Now, in a predictable step, mercenary spyware companies are selling it.

Leveraging ads to remotely infect you with #Pegasus-like spyware.

Analogy: a devastating & unfixable backdoor chasing you device around the internet. Image
3/ The incentives are simple: ad companies will do everything they can to make sure you get tracked & shown ads.

So do their customers.

Even the newspapers that do good reporting on privacy.

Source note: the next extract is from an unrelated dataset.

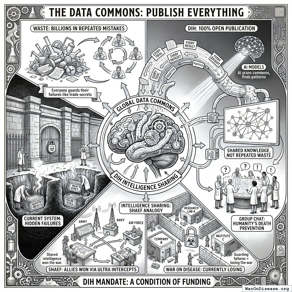 This is intelligence sharing in the SHAEF analogy. Your Allies won partly because they shared Ultra intercepts across commands. Your war on disease loses because everyone guards their failures like trade secrets. It’s a group chat where everyone shares what didn’t work. Except the group is your entire species and the topic is death prevention, which you’d think would motivate sharing, but doesn’t, because your scientists are more afraid of looking wrong than of people staying dead.

All that effort has basically forced security vulnerabilities onto the entire world.
4/ Any network, government to corporate, university to nonprofit should BLOCK ALL ADS & TRACKING at the gateway.

We cannot expect users to individually fight trench warfare to protect their security against the ad industry colossus has been weaponized against them.
5/ Of course ads-that-hack-you have already made their way into the hands of dictatorships.

This is a terrifying zero-click frontier of compromise that we've largely sleepwalked into. Image
6/ "What can I do to stop this as an individual?"

Sure, you can use adblockers on your desktop browser, but that's a leaky band aid *at best.*

And Phones are a tricky place to do comprehensive ad-blocking.

The fact that so many apps incorporate ads makes it much, much worse.
7/ Here's one way you get hacked through ad networks

1️⃣I'm the bad guy, I find your phone using what ad networks know about you
2️⃣I send you an ad through their networks including malicious code

3️⃣ You scroll along & BOOM your phone = silently infected.

No action needed.
8/ Shoutout to @WydenPress @RonWyden who has been been tireless on malvertising.

Calling for the US to block the threat of malicious ads on sensitive networks.

*and*

Scrutinizing the ad-blocking industry for shady practices (e.g. taking cash to let certain ads through).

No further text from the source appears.